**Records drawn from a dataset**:

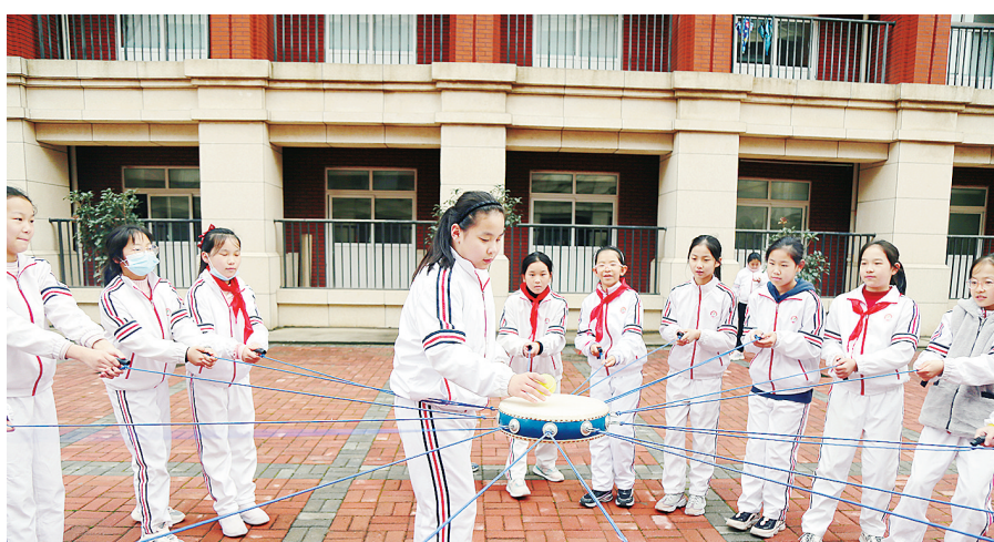
10月20日,市实验小学组织学生到市示范性综合实践基地举行以“助力‘双减’ 觅真趣 雏鹰展翅翱翔”为主题的秋季综合实践和研学活动。本报记者 刘岩 摄
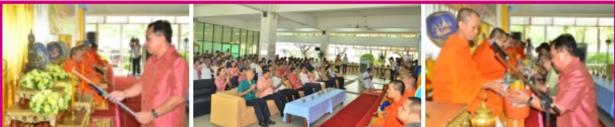
พิธีสงฆ์ สวดพระพุทธมนต์ ถวายเครื่องไทยธรรม พิธีสงฆ์หน้าพระพุทธรูป และผู้บริหารปลูกต้นไม้
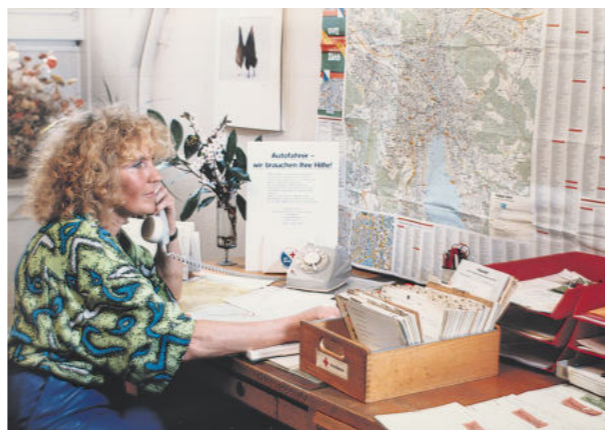
Seit vielen Jahren unterstützt das Zürcher Rote Kreuz psychisch Belastete (Bild ganz links). Zur Finanzierung von Hilfsangeboten verkauften Freiwillige Mimosen (Bild oben). Eine Mitarbeiterin koordiniert Rotkreuz-Fahrten (Bild links).

Unter anderem gibt es Besuchsnachmittage in Alterszentren, beispielsweise im Alterszentrum Adlergarten. Engagierte Freiwillige des Jugendrotkreuzes besuchen die Bewohnenden und verbringen abwechslungsreiche Stunden mit ihnen. Manchmal erklären die Jugendlichen ihnen die neusten Trends der digitalen Welt, mal erzählen die Bewohnenden aus ihrem Leben. Das Rote Kreuz Zürich ist dem Alterszentrum Adlergarten schon länger ein treuer Begleiter: Bereits 1987 wurden mit dem Transportcar für beeinträchtigte Personen Bewohnende aus dem Zentrum abgeholt und für erholsame Stunden und mehr Lebensqualität zu interessanten Ausflugszielen gebracht.
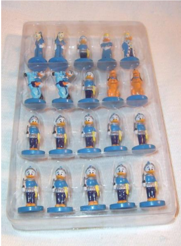
Donald Duck team ...
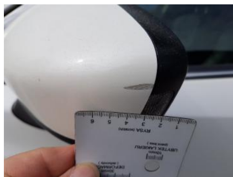
Fot. 32 Lusterko zewnętrzne lewe (Rysa/Odprysk)
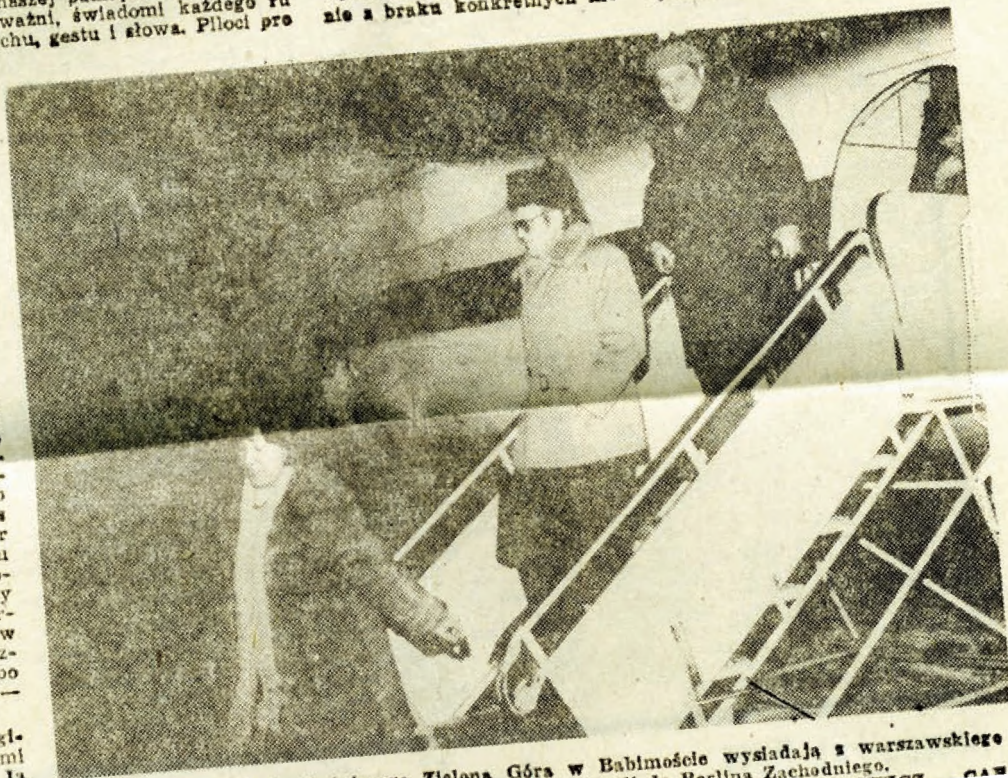
Na płycie Portu Lotniczego Zielona Góra w Babimoście wysiadają z warszawskiego samolotu pasażerowie, którzy 4 bm. uprowadzeni byli do Berlina Zachodniego.

Propozycje pozostania w Berlinie Zachodnim, o których mówili pasażerowie usłyszani w rozmowie z dziennikarzem „GL”, stawiane przez funkcjonariuszy policji kryminal-
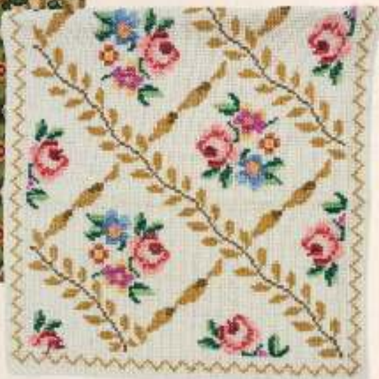
ΣΕΜΕΝ ΜΕ ΑΡΑΙΟΣΤΑΥΡΟΒΕΛΟΝΙΑ, έργο της Ρήσας Ροδαύλη-Ζαβρού από την ενορία Χρυσίδας (1965).
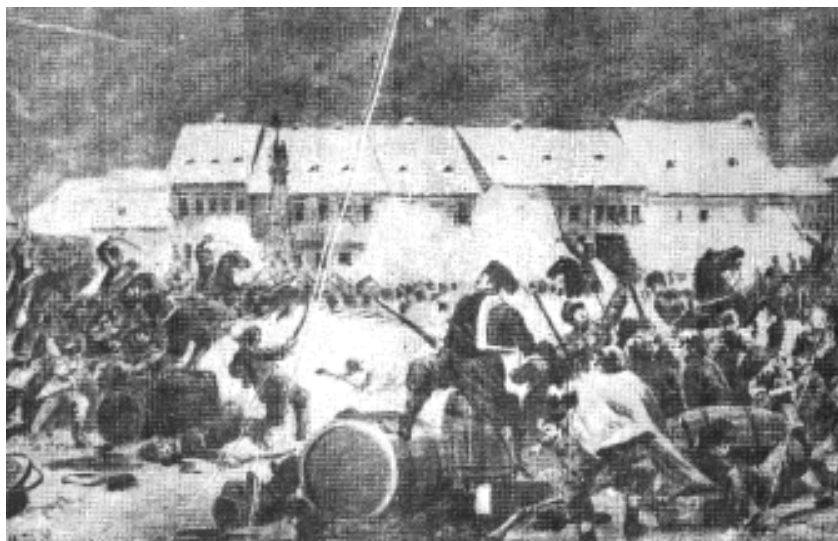
Lupte de stradă la Arad (8 februarie 1849)

Vremuri tot mai tulburi peste Imperiul Austro-Ungar. Minerii, iobagi din Apuseni, sub conducerea Ecaterinei Varga, amenință prin ridicarea la luptă. Eftimie Murgu încearcă să mobilizeze țărani din Banat pentru luptă, pentru emancipare și împroprietărire. Este închis la Pesta. Încă din 1821 Imperiul este guvernat în mod absolutist. Se întăresc organele de represiune. Nobilimea maghiară încearcă să impună ca limbă oficială – maghiara. Simion Bărnuțiu ripostează prin scrierea: „O tocmeală de rușine și o lege nedreaptă”. La Pesta se publică „Programul Revoluției”, pentru constituirea unui Stat Maghiar, independent de Austria, negând dreptul de existență națională a românilor. O serie de reprezentanți maghiari au recunoscut justetea cauzei românilor, dorind realizarea unității de acțiune româno-maghiare. Relațiile de neîncredere se sfârșesc tragic. Contactele româno-maghiare vor fi stabilite de Nicolae Bălcescu. Sub presiunile armatelor ruso-austriece, se semnează „Proiectul de Pacificație”, recunoscându-se dreptul românilor pentru formarea Legiunii ce viza crearea Statului Mod-
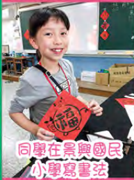
同學在景興國民小學寫法
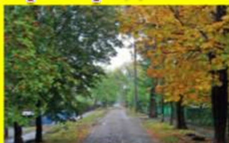
«Улицы нашего города»
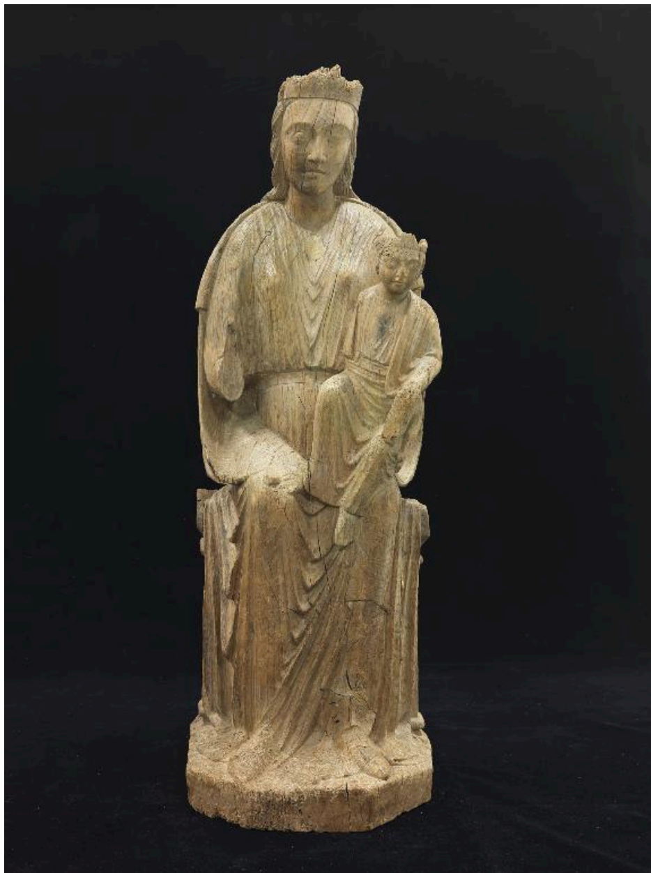
Vue d'ensemble de la statue aujourd'hui au musée de l'Hôtel-Dieu.
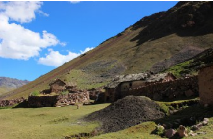
Valle Vinicunca (Jaime Briceno)
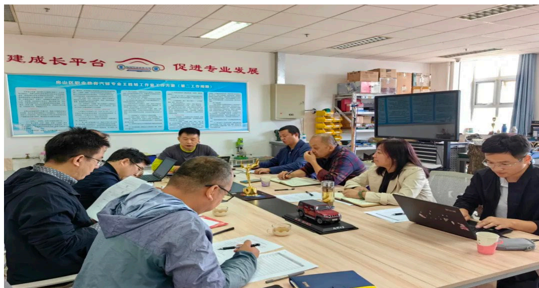
图 1-7 与企业专家沟通交流

学校与北京航景创新科技有限公司、北方天途航空技术发展（北京）有限公司、北京信息职业技术学院深度合作，对我校新办无人机专业建设进行全方位、立体式打造，为“2023 级《无人机操控与维护》-《无人机应用技术》人才培养方案”在服务岗位、培养目标和规格上进行了确定，构建了课程体系，特别是与区域内优质企业航景创新科技有限公司合作，成功申办了飞行空域，为学生实习实践创造了有利条件；同时，学校申请的市级课题《校企合作背景下房山二职无人机操控与维护专业建设的实践与研究》成功立项，目前正在和相关企业一起有序开展实质性的研究。科教融汇、产教融合、校企合作办学是我校矢志坚守的办学方向，是学校高质量发展的不竭动力。
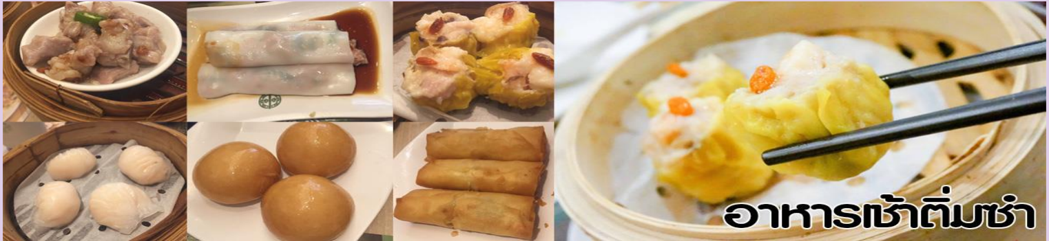
อาหารเช้าติ่มซำ

นำท่านไปไหว้ เจ้าแม่กวนอิมสงฮำ (Kun Im Temple Hung Hom) เป็นวัดเจ้าแม่กวนอิมที่มีชื่อเสียงแห่งหนึ่งในฮ่องกง ขอพรเจ้าแม่กวนอิมพระโพธิสัตว์แห่งความเมตตา ช่วยคุ้มครองและปกป้องรักษาวัดเจ้าแม่กวนอิมที่ Hung Hom หรือ “Hung Hom Kwun Yum Temple” เป็นวัดเก่าแก่ของฮ่องกงสร้างตั้งแต่ปี ค.ศ. 1873 ถึงแม้จะเป็นวัดขนาดเล็กที่ไม่ได้สวยงามมากมาย แต่เป็นวัดเจ้าแม่กวนอิมที่ชาวฮ่องกงนับถือมาก แทบทุกวันจะมีคนมาบูชาขอพรกันแน่นวัด ถ้าใครที่ชอบเสียงเซียมซีเขาบอกว่าที่นี่แม่นมากที่พิเศษกว่านั้น นอกจากสักการะขอพรแล้วยังมีพิธีขอของอั้งเปาจากเจ้าแม่กวนอิมอีกด้วย ซึ่งคนส่วนใหญ่จะนิยมไปในเทศกาลตรุษจีนเพราะเป็นสิริมงคลในเทศกาลปีใหม่ ซึ่งทางวัดจะจำหน่ายอุปกรณ์สำหรับเช่นไหว้พร้อมซองแดงไว้ให้ผู้มาขอพร เมื่อสักการะขอพรโชดลากแล้วก็นำซองแดงมาวนเหนือกระถางรูปหน้าองค์เจ้าแม่กวนอิมตามเข็มนาฬิกา 3 รอบ และเก็บซองแดงนั้นไว้ซึ่งภายในซองจะมีจำนวนเงินที่ทางวัดจะเขียนไว้มากน้อยแล้วแต่โชด ถ้าหากเราประสบความสำเร็จเมื่อมีโอกาสไปฮ่องกงอีกก็ค่อยกลับไปทำบุญ ช่วงเทศกาลตรุษจีนจะมีชาวฮ่องกงและนักท่องเที่ยวไปสักการะขอพรกันมากขนาด

**Work required**: Could you set down, exactly as written, every line from the start of the records above through the line containing "พิธีสงฆ์ สวดพระพุทธมนต์ ถวายเครื่องไทยธรรม", leaving the pictures out?

**Solution to this problem**:
10月20日,市实验小学组织学生到市示范性综合实践基地举行以“助力‘双减’ 觅真趣 雏鹰展翅翱翔”为主题的秋季综合实践和研学活动。本报记者 刘岩 摄
พิธีสงฆ์ สวดพระพุทธมนต์ ถวายเครื่องไทยธรรม พิธีสงฆ์หน้าพระพุทธรูป และผู้บริหารปลูกต้นไม้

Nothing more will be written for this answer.